Jonas Maebe wrote:
On 12 jun 2007, at 13:45, Jonas Maebe wrote:
After noticing that gdb does not print 64 bit fields of (bit)packed records properly if they don't start on a byte boundary (both with fpc and with gpc), I decided to check what gcc does. It turns out that gcc (4.0.1, Mac OS X/ppc) only bitpacks values up to and including 59 bits. Fields declared as 60-64 bits are automatically aligned to the target-specific alignment boundary.
I've found my answer: http://www.linux-foundation.org/spec/ELF/ppc64/PPC- elf64abi-1.9.html#BITFIELD
Bit fields cause records to be split up in "storage units", and a field cannot cross the boundary of such a storage unit. If it does, then you have to pad the rest of the previous storage unit and start a new one for the current field (something which fpc does not yet do, and gpc apparently also not in all cases, at least not in "gpc version 20051116, based on gcc-3.4.5" for Mac OS X, which is of course fairly old).
And to make things more fun, there are apparently a lot of differences regarding how large such a "storage unit" is...

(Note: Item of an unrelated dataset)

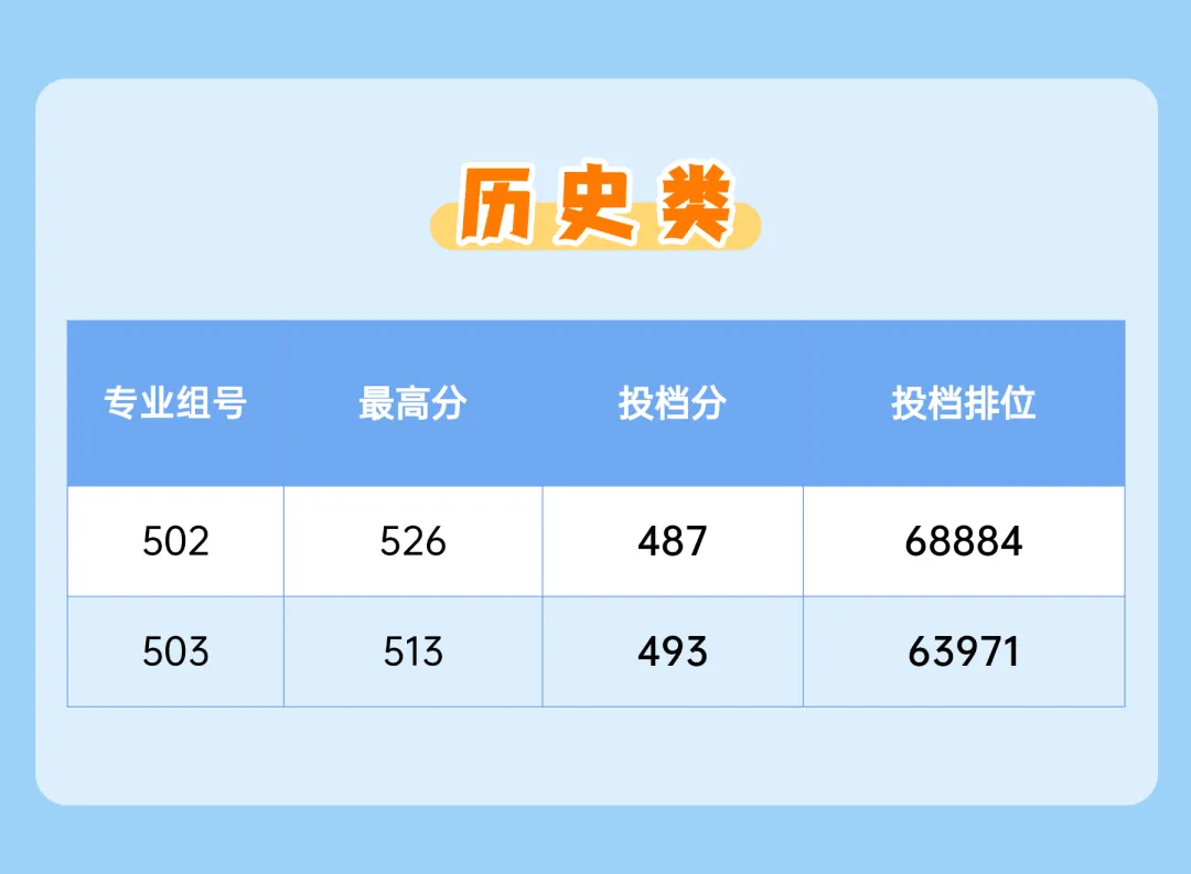历史类专业组最高投档分为跨境电子商务专业,最高投档分为526分,超本科控制线62分;最低投档分为487分,超本科控制线23分。其他历史类热门专业报考投档人数大幅高于计划招生人数,其中大数据与会计专业尤为突出。

AFAIK this padding is part of C language specification. What other langages do is subject to language/compiler specification. In particular, I think that Ada requires support for arbitrary bitfield layout (including bitfields that go across word boundaries). I belive that current gpc behaviour is a concious decision to have better semantics that the one given by C. gcc backends is flexible, AFAIK gpc just uses backend support.

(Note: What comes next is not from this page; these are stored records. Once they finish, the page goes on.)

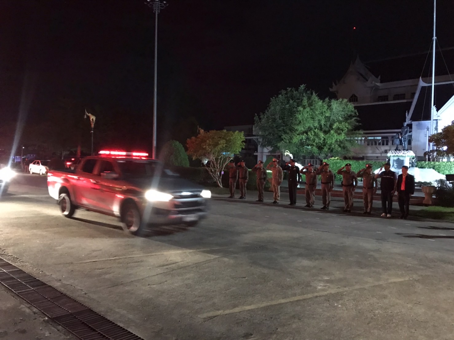 ณ บริเวณลานหน้าพระบรมราชานุสาวรีย์ พระบาทสมเด็จพระจุลจอมเกล้าเจ้าอยู่หัว ศาลากลางจังหวัดนครนายก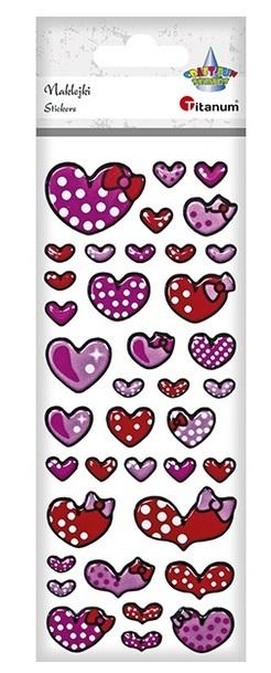 Naklejki wypukłe [70x215] serca czerwone, różowe 38szt.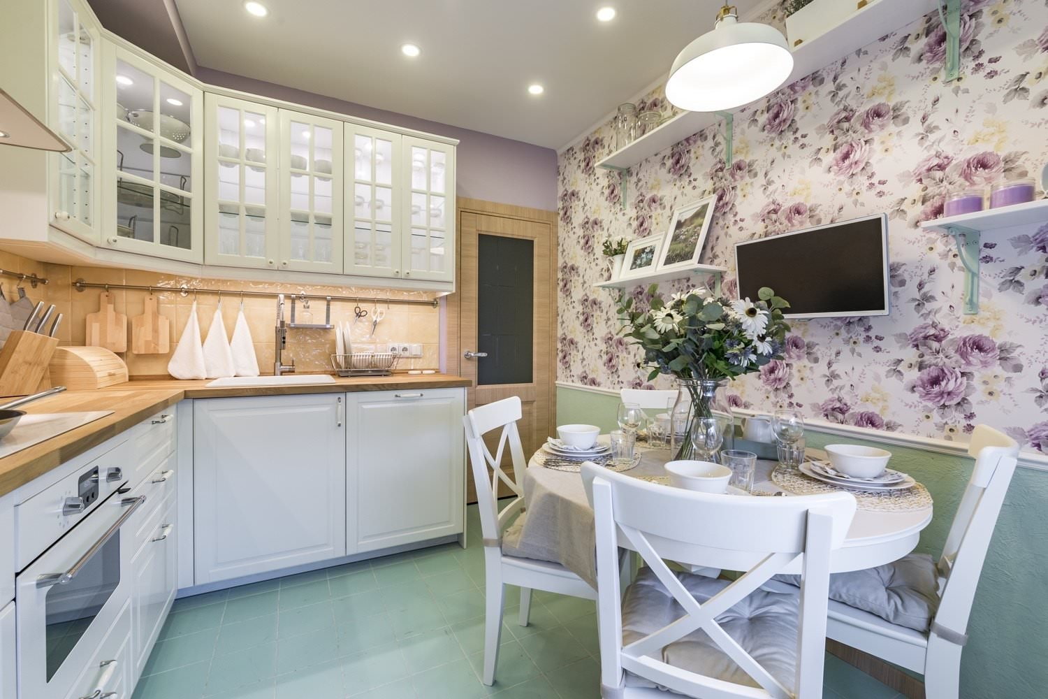 - les verts frais avec du blanc incarnent le triomphe de la vie, une excellente option pour les amateurs d'exotisme oriental, d'éco-style et de solutions modernes.

IMHO gdb should just correctly display such bitfields in gpc generated programs -- if not there is bug somewhere. ATM I can not say if the bug is in gpc frontend (missing some annotations) gcc buckend (emmiting incorrect debug info), gdb (mishandling debug info) or maybe brain damaged specification of debug info (basic stabs can handle only simple cases and frequently require nonstandard extensions).